* _Aim of the exercise_
Leave out the pictures, and copy exactly the lines from the line with "Mens Dressing Gowns" through the last line of the data below.

* _Dataset excerpt_
=== Section Start ===
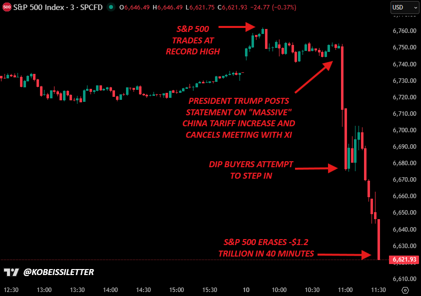El mercado cripto sufrió una fuerte caída este viernes tras las nuevas amenazas de Donald Trump de imponer aranceles “masivos” a las importaciones chinas y cancelar su próxima reunión con el presidente Xi Jinping. El anuncio desató una ola de ventas en activos de riesgo, provocando que el valor total del mercado cayera en más de 125 mil millones de dólares en cuestión de horas.
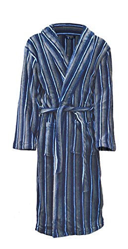 Mens Dressing Gowns offer Men's Warm Plush Fleece Dressing Gown - Navy, Grey & Blue Stripes. This awesome product currently limited units, you can buy it now for £32.99, You save -
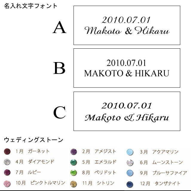 | 対応可能オプション | 【無料オプション】 ●包装紙での包装 ・アンティーク包装 ・赤包装紙 ・白包装紙 ●熨斗 ・結び切り【御祝】 ・結び切り【御祝】+注文者名 ・蝶結び【御祝】 ・蝶結び【御祝】+注文者名 ・結び切り【御結婚祝い】 ・結び切り【御結婚祝い】+注文者名 ・蝶結び【御出産祝い】 ・蝶結び【御出産祝い】+注文者名 ・結び切り【内祝】 ・蝶結び【内祝】 ・その他 ●メッセージカード(A・B・Cの3種類デザインより選択。文字は40文字位まで可能です。フォントや文字の大きさは文字数によりこちらで決めさせて頂きます。) ●彫刻について 1、【彫刻フォント】を選択してください。 2、ご注文時にプレートへの【彫刻内容】をご記入ください。 記入例 2011,05,22 Satoshi & Tomoko ■彫刻字体下記より選択 フォントA フォントB フォントC |
=== Section End ===
* _Written solution_
 Mens Dressing Gowns offer Men's Warm Plush Fleece Dressing Gown - Navy, Grey & Blue Stripes. This awesome product currently limited units, you can buy it now for £32.99, You save -
 | 対応可能オプション | 【無料オプション】 ●包装紙での包装 ・アンティーク包装 ・赤包装紙 ・白包装紙 ●熨斗 ・結び切り【御祝】 ・結び切り【御祝】+注文者名 ・蝶結び【御祝】 ・蝶結び【御祝】+注文者名 ・結び切り【御結婚祝い】 ・結び切り【御結婚祝い】+注文者名 ・蝶結び【御出産祝い】 ・蝶結び【御出産祝い】+注文者名 ・結び切り【内祝】 ・蝶結び【内祝】 ・その他 ●メッセージカード(A・B・Cの3種類デザインより選択。文字は40文字位まで可能です。フォントや文字の大きさは文字数によりこちらで決めさせて頂きます。) ●彫刻について 1、【彫刻フォント】を選択してください。 2、ご注文時にプレートへの【彫刻内容】をご記入ください。 記入例 2011,05,22 Satoshi & Tomoko ■彫刻字体下記より選択 フォントA フォントB フォントC |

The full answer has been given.